Basically neither government wants to make life too easy for the migrants lest MORE are attracted, although there are some who point out that life is so dire in some of the countries they fled from that they would come anyway. One argument made by the charities is that a legitimate route should be set up.
But it is unrealistic to expect governments to set up visa offices in remote war-torn regions, and if such an office could be set up in northern France, it would merely become a magnet for more migrants and more people-smugglers, as those refused a visa would still try the illegal routes.
And migrants do need access to British lawyers to assist in processing their claim (see diagram of the process on the Kent Action for Refugees website). Brexit has just made it much more difficult for UK lawyers to work in the EU as they need a visa as “independent service providers”, an aspect of the deal that is not yet sorted (as Dominic Grieves pointed out last week).
So what’s to be done? Some EU countries (France, Germany) have various development programmes in the sending countries to divert potential young migrants. The UK Government is less interested in development now, having closed the overseas development office and shifted its budget to other items.
The French authorities claim that there are legitimate ways to find out how it treats migrants and they do meet basic human rights. British Government is not making such a claim.
So, for those worried about the human rights of these refugees, it is time to arrange for the press and human rights lawyers experienced in prisoner problems to legitimately investigate what is\was going on in the Napier barracks.
It is time to ask our politicans why asylum seekers have to face such long delays in processing of their claims.
For those wanting to be more involved, the Kent Refugee Action Network has centres in Folkestone and Canterbury.
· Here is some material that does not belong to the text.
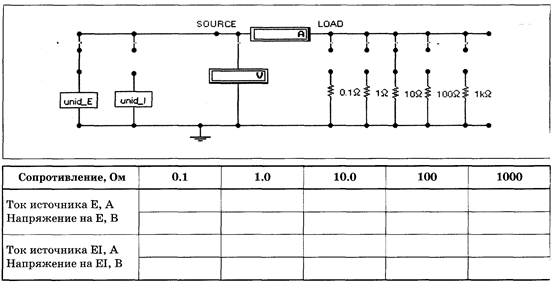 Эксперимент 8. Внешние характеристики неидеальных источников тока и ЭДС. а). Снятие вольтамперных характеристик с помощью амперметра и вольтметра

Their AGM is on 18 February from 4.30 – 6.00pm on Zoom.
Brief history of the Napier Barracks
A camp was established in 1794 when the British Army bought over 229 acres of land at Shorncliffe.
Shorncliffe was used as a staging post for troops destined for the Western Front during the First World War and in April 1915 a Canadian Training Division was formed there. The Canadian Army Medical Corps had general hospitals based at Shorncliffe from September 1917 to December 1918. The camp at that time composed five unit lines known as Moore Barracks, Napier Barracks, Risborough Barracks, Ross Barracks and Somerset Barracks. On three occasions there were German air raids which killed soldiers on the camp.
In January 2021, the Napier Barracks suffered damage as a result of an arson attack by migrants who had been housed there since September of the previous year. The migrants, many of whom had entered the UK via the English Channel, become restless after being informed that they would not be relocated following a COVID-19 outbreak at the barracks in an incident that Home Secretary Priti Patel, described as ‘deeply offensive to the taxpayers of this country.
The use of the barracks to accommodate the migrants has been controversial since it was commandeered by the Home Office in 2020 to cope with the surge in Channel crossings. Critics have denounced the living conditions and it has been subject to demonstrations from protestors. An online petition calling for its closure has garnered thousands of signatures.